Nos últimos anos, esta tem sido uma prática cada vez mais realizada por agentes
de segurança em serviço durante as operações sob o aval do Estado. No Rio de
Janeiro, há décadas, as operações policiais em favelas são utilizadas como o
principal instrumento de ação pública destinado ao controle da criminalidade,
servindo como a principal justificativa do Estado para violação de direitos de
seus moradores(as). Porém, o controle do que é criminalizado ou não pelo Estado
– parte do problema do crime e da violência – não pode continuar impactando
diretamente na vida de milhares de moradores(as) que representam a maior parte
da população da cidade.
As
chacinas policiais acontecem em toda a região metropolitana, mas não se
distribuem de forma igualitária.

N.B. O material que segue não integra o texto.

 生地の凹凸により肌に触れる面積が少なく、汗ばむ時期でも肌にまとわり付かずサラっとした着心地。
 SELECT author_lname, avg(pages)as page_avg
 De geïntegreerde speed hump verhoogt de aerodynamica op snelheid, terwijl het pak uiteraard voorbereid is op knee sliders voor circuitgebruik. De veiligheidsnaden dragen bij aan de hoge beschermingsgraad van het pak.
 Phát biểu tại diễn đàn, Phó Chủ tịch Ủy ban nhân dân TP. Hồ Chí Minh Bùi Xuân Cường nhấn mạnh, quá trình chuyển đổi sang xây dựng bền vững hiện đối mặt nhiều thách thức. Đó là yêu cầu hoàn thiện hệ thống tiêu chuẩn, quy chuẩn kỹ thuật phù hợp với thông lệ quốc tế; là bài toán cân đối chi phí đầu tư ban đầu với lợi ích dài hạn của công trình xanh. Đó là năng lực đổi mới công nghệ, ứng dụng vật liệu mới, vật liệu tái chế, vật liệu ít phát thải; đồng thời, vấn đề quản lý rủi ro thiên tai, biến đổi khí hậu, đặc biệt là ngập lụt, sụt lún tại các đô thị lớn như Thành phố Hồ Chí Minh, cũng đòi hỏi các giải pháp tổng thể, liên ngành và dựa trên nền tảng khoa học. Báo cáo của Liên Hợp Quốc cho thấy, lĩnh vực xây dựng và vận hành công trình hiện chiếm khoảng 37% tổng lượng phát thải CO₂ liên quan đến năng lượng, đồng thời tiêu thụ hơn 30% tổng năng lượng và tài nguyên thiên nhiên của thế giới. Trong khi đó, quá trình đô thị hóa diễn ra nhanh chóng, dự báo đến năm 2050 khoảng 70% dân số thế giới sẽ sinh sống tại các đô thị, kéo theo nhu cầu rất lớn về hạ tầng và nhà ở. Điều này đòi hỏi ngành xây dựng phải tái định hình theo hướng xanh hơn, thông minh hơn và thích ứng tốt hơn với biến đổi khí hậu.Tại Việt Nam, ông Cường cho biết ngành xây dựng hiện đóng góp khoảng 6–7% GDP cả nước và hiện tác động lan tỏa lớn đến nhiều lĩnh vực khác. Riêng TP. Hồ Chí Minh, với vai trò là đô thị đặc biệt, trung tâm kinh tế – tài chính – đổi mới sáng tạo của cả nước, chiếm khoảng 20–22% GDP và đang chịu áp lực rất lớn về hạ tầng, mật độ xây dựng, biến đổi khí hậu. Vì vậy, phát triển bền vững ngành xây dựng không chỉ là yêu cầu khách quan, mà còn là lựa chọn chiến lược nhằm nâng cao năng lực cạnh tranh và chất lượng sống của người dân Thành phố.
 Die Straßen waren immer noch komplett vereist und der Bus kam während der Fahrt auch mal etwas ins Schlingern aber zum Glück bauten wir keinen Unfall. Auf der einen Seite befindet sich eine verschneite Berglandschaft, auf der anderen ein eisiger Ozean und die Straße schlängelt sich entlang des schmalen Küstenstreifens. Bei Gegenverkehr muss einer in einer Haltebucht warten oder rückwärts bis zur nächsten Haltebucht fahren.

Segundo os dados do Instituto Fogo Cruzado, em
2023, na Zona Sul da capital, foram registradas 9 chacinas, 4 delas na favela
da Rocinha. Já na Zona Norte, são 73 casos que deixaram 373 pessoas mortas. Na
Baixada Fluminense foram mapeados 72 casos, com 255 mortos. E no Leste
Metropolitano, 70 casos resultaram em 252 mortes. O Complexo do Salgueiro,
conjunto de favelas em São Gonçalo (Leste Metropolitano), foi a localidade com
mais chacinas registradas no período. Apenas lá, 14 chacinas policiais
resultaram em 66 mortes. Para que se tenha dimensão do que acontece no
Salgueiro, as outras quatro localidades com mais chacinas são: Complexo da Maré
(10 ocorrências, 51 mortos), Complexo da Penha (8 ocorrências, 55 mortos),
Cidade de Deus (8 ocorrências, 27 mortos) e Vila Kennedy (8 chacinas, 26
mortos).
O
Dicionário de Favelas Marielle Franco, em parceria com o Grupo de Estudos dos
Novos Ilegalismos (GENI-UFF), o Grupo CASA (IESP-UERJ) e o Radar Saúde nas
Favelas (Fiocruz) realizou um levantamento das chacinas mais letais durante a
série histórica de 1990-2022, dando destaque aos anos de 2019-2022. Três das
cinco maiores chacinas policiais da história recente do Rio de Janeiro
ocorreram neste período, sob a vigência da ADPF 635, interposta pelo Supremo
Tribunal Federal, que restringiu a realização de operações policiais enquanto
durasse a pandemia de covid-19. A maior delas, que resultou em 28 mortes,
ocorreu no bairro do Jacarezinho, em 6 de maio de 2021, e foi nomeada pela
Polícia Civil de “Operação Exceptis”, em alusão à excepcionalidade das
operações interpostas pelo Supremo. Na ocasião, o representante da Polícia
Civil criticou o “ativismo judicial” que estaria “impedindo o trabalho da
polícia”. Pouco mais de um ano depois, a Chacina da Penha resultou em mais 23
mortes.
• ADPF das Favelas: insegurança e
descontrole das polícias no cotidiano das favelas e periferias
A
implementação da Ação de Descumprimento de Preceito Fundamental 635, conhecida
como ADPF das Favelas, iniciada em junho de 2020, visava reduzir a violência
policial nas favelas do Rio de Janeiro, em especial, durante o período da
pandemia, se baseando em uma série de estudos e publicações de instituições
locais e movimentos sociais a respeito da alta letalidade policial. Em 2019,
antes da ADPF, o estado registrou 1.814 mortes decorrentes de ações policiais.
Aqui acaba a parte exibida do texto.